AKRON, Ohio — Vandalism is suspected as the cause of the derailment of a CSX freight train carrying coal in Akron near the Barberton line early Monday, police and CSX officials said.

No one was injured, but the damage was extensive.

The train derailed about 1:20 a.m. Monday at 31st Street Southwest and Welsh Avenue.
Lt. Rick Edwards said it appears that vandals set two railroad ties along the track.

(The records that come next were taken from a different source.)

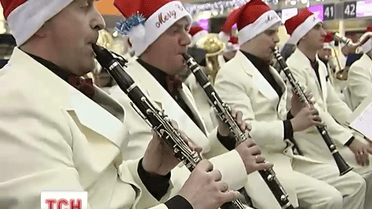 Музиканти Київського муніципального духового оркестру перевтілилися і впродовж двох годин виконували у залі вильоту шедеври світової класики та популярні різдвяні хіти.
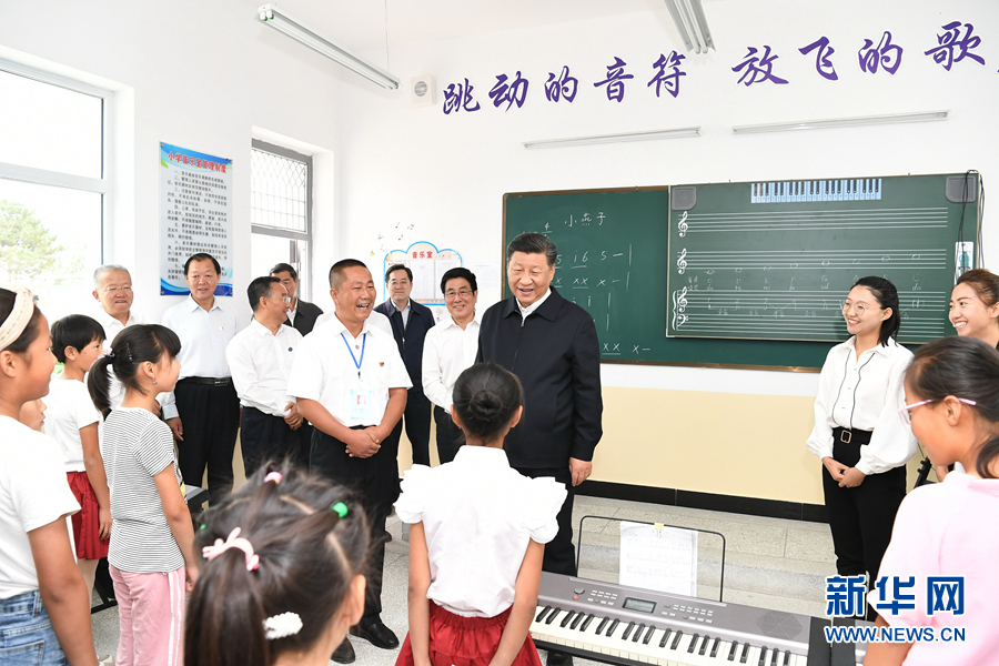 8月19日至22日,中共中央總書記、國家主席、中央軍委主席習(xí)近平在甘肅考察。這是21日上午,習(xí)近平在武威市古浪縣黃花灘生態(tài)移民區(qū)富民新村富民小學(xué)的音樂教室,認真觀看正在進行的音樂課教學(xué)。 新華社記者 謝環(huán)馳 攝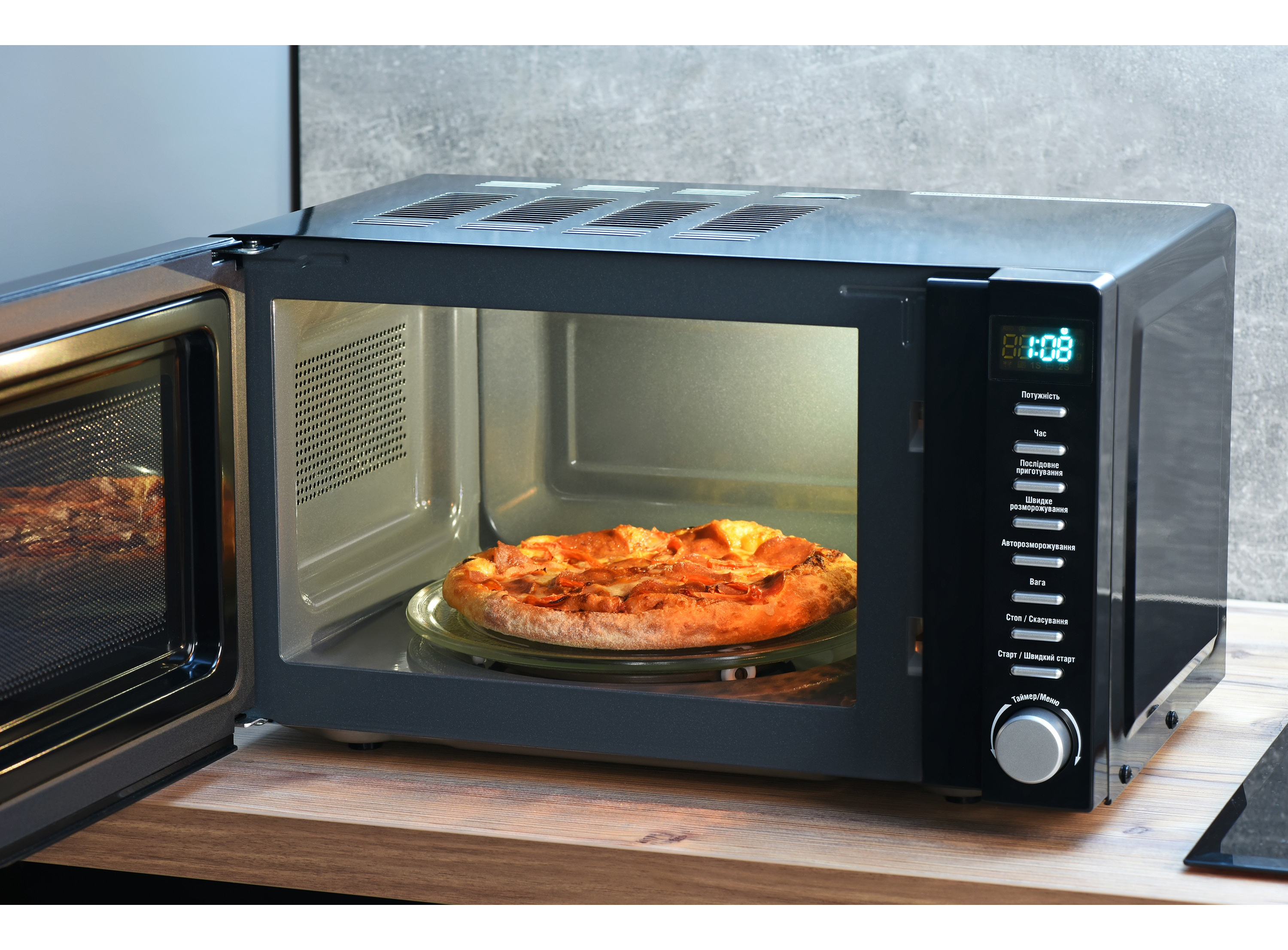 Зеркальная дверца • Программы приготовления: 6 • Дисплей (время) • Сигнал об окончании работы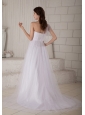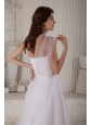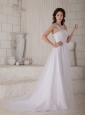 Ignite beauty in this miraculous wedding dress! This showstopping wedding dress has a straight neckline and dazzling dots at the only one strap and the whole skirt. The fabric wraps your figure for a dramatic look and light ruching adds texture to the bodice. The ruchings sits on the waist that curves the waistline amazingly. The dress has a hidden zipper which can dress on and off easier. The champel trail will make you move more idiosyncratic when you move at your wedding.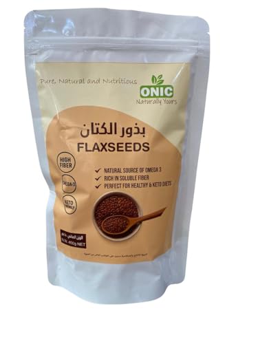 ONIC NATURALLY YOURS - بذور الكتان عالية النقاء – 450 جم | طبيعية 100% وخالية من الإضافات | غنية بالأوميغا 3 والألياف | مثالية للكيتو، النباتيين، والأنظمة الصحية المتوازنة |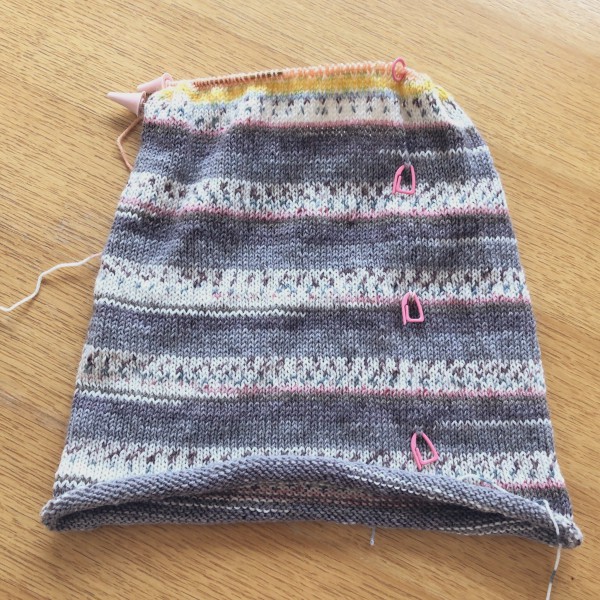 春や秋のちょっと寒い時に使うスヌードがほしくて、細めの糸で軽い編み地になるように編んでいます。在庫糸消費のため、元のデザインより小さくしています。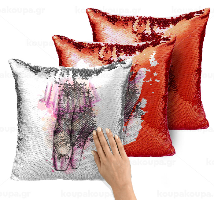 Ballerina shoes, Μαξιλάρι καναπέ Μαγικό Κόκκινο με πούλιες 40x40cm περιέχεται το γέμισμα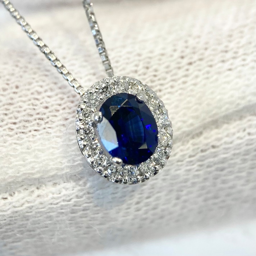 このペンダントは、そのロイヤルブルーサファイアをセンターに据え、繊細なダイヤモンドが周囲を囲む王道のデザイン。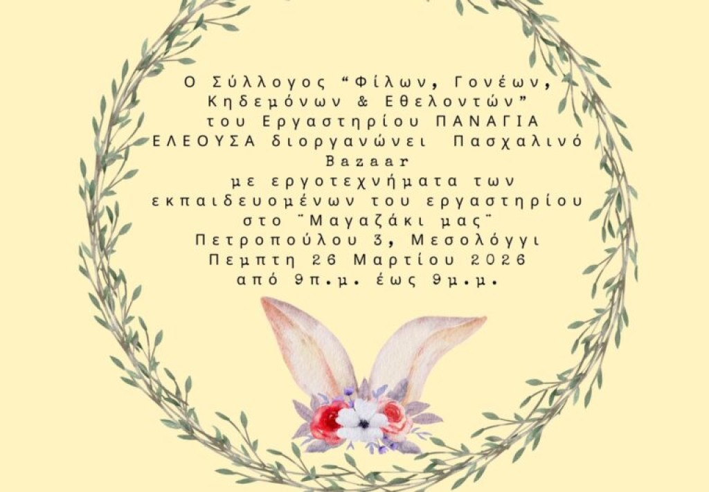 O Σύλλογος «Φίλων Γονέων Κηδεμόνων και Εθελοντών» του Εργαστηρίου Νέων «Παναγία Ελεούσα» διοργανώνει Πασχαλινό Bazaar, με εργοτεχνήματα των εκπαιδευομένων του Εργαστηρίου στο «Μαγαζάκι μας», Πετροπούλου 3 Μεσολόγγι.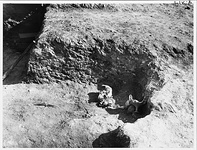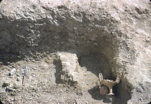 | Description: | Mycenaean grave. It consisted of a shallow rectangular cutting in bedrock about 1.40m by 0.70m, but it was probably somewhat bigger, since the east side and a large part of the north side had been cut away by later builders. It contained a single burial, that of a small child, laid lengthwise in the grave along the south side. Only the skull was preserved in position. Many minute glass beads were found under the skull and around the feeding bottle, and doubtless came from a necklace worn by the child. | |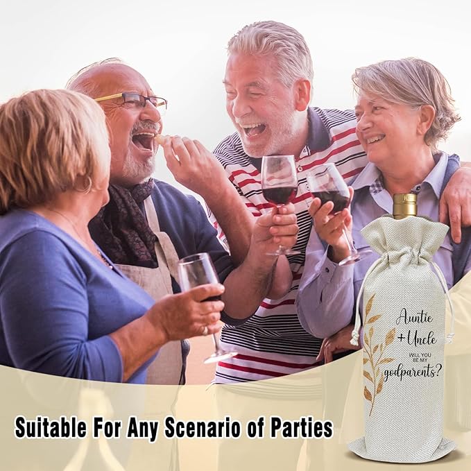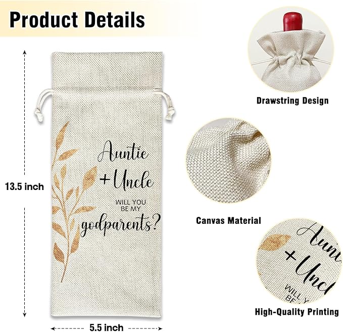 Wine Canvas Bag, Godparent Gift Wine Gift Bag, Godparents Proposal Gifts for Brother Sister Auntie Uncle Wine Bags for Wine Bottles, Wine Champagne Gifts With Drawstring Baptism Party Decoration -WB07
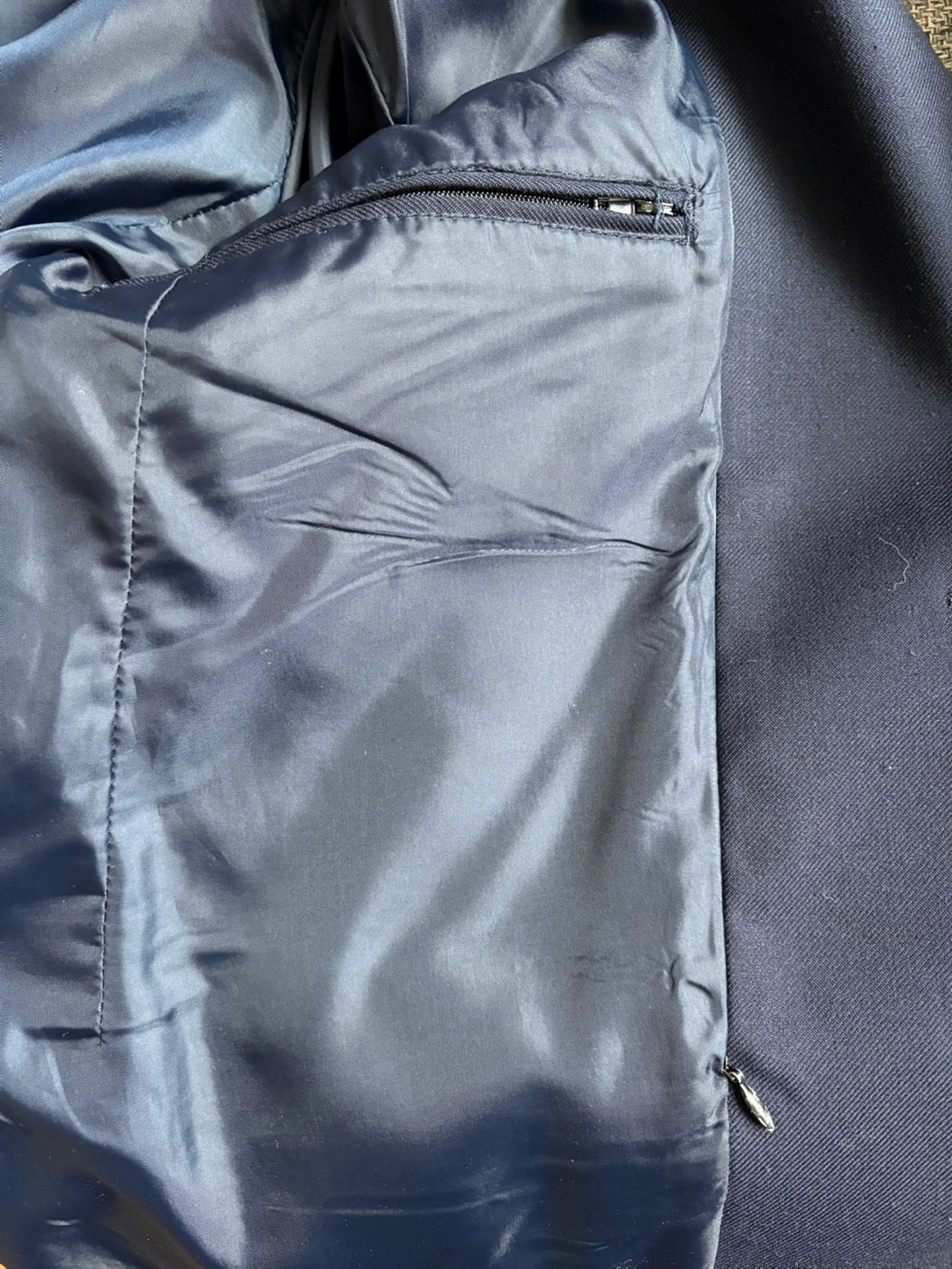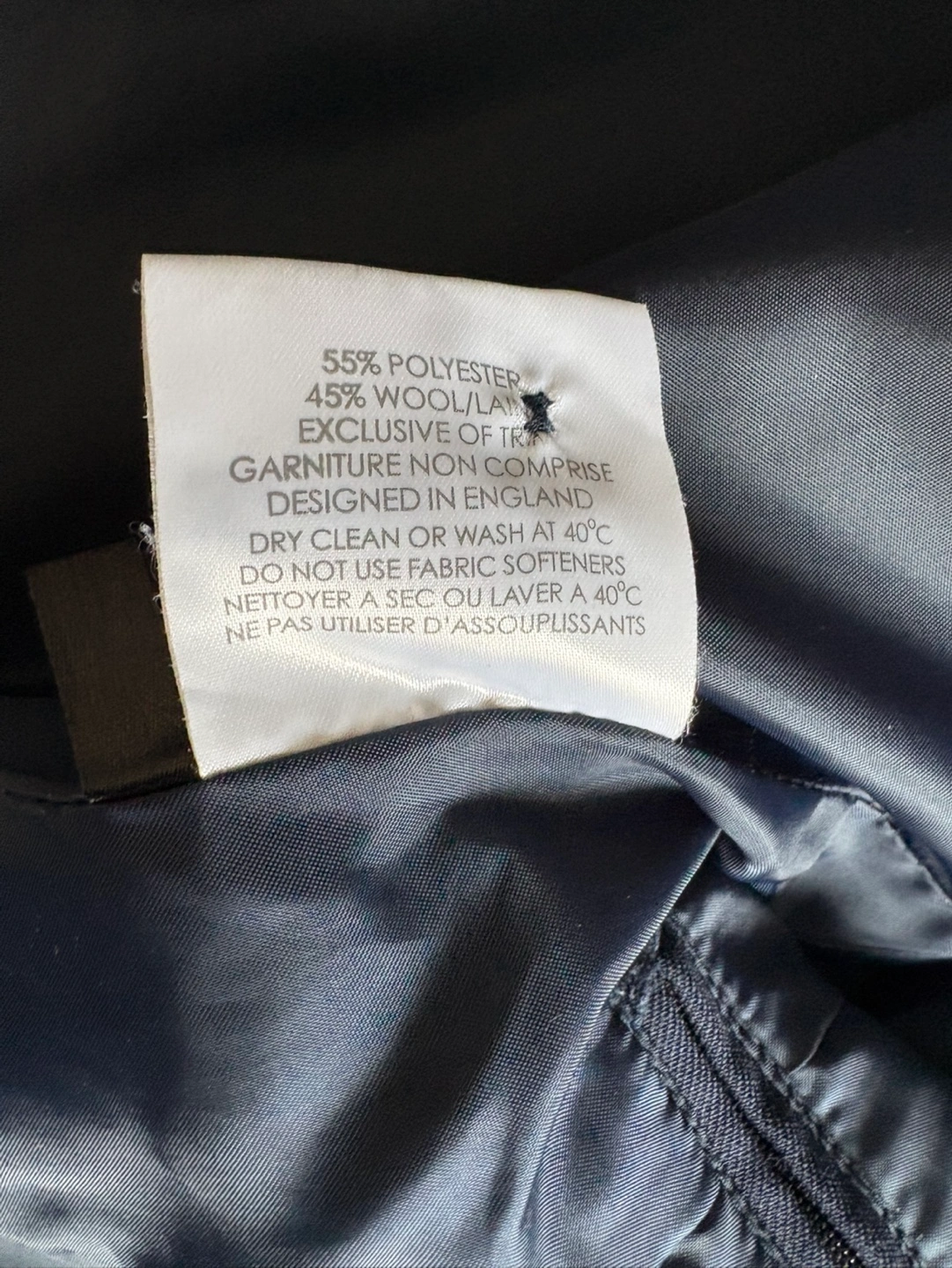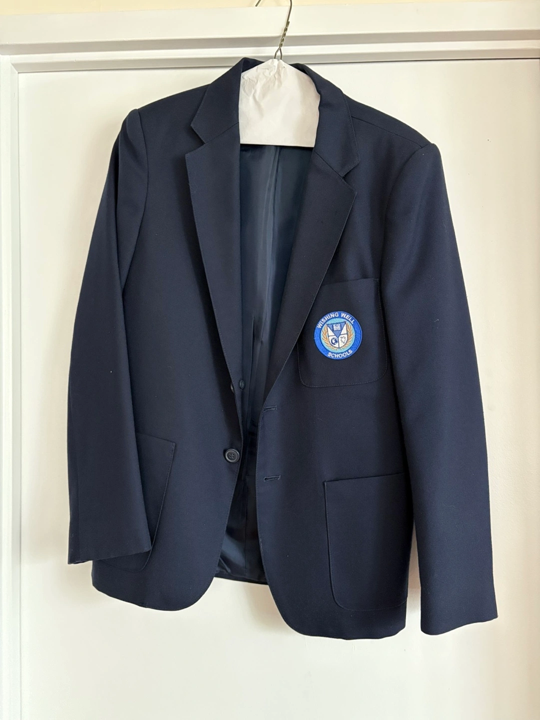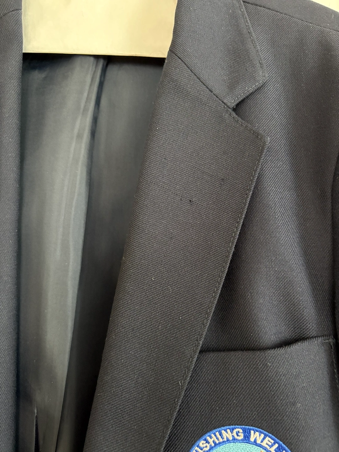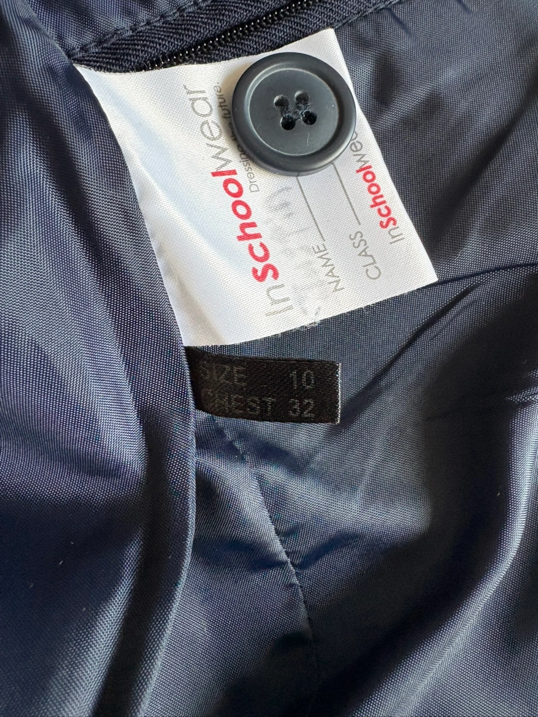 Navy blue school blazer. Features a school crest. Two pockets. 55% polyester, 45% wool/acrylic blend. Dry clean or machine wash at 40°C. Designed in England.

The heavy wooden ties had been lying around the site because they were to be added to the base of the tracks as replacements for old ties, Edwards said.

When the train struck the railroad ties, it derailed, Edwards said.

CSX spokesman Bob Sullivan in Philadelphia said 10 of the train’s 103 rail cars and both locomotives were derailed.

It was unclear how many of the cars overturned, but both locomotives remained upright, Sullivan said.

Three cars were destroyed, along with a shed containing electrical wiring that controls signals on the tracks, Edwards said.

Damage to the train and shed was estimated at $600,000.

The engineer and the conductor were not injured, Sullivan said.

Tons of coal spilled during the accident. CSX crews spent hours cleaning up the debris, but trains were to resume running by 9 or 10 p.m. Monday, Sullivan said.

The train was traveling from Chicago to Brunswick, Md., Sullivan said. The track that runs through the Akron area normally carries 15 to 20 trains a day.

CSX is offering a $1,000 reward for information leading to the arrest of whoever was responsible, Sullivan said.

“The act of vandalism was extremely dangerous,” he said. “It endangers the community, the emergency responders who have to respond to an incident, the train crew and it can endanger the people who are committing the act itself.”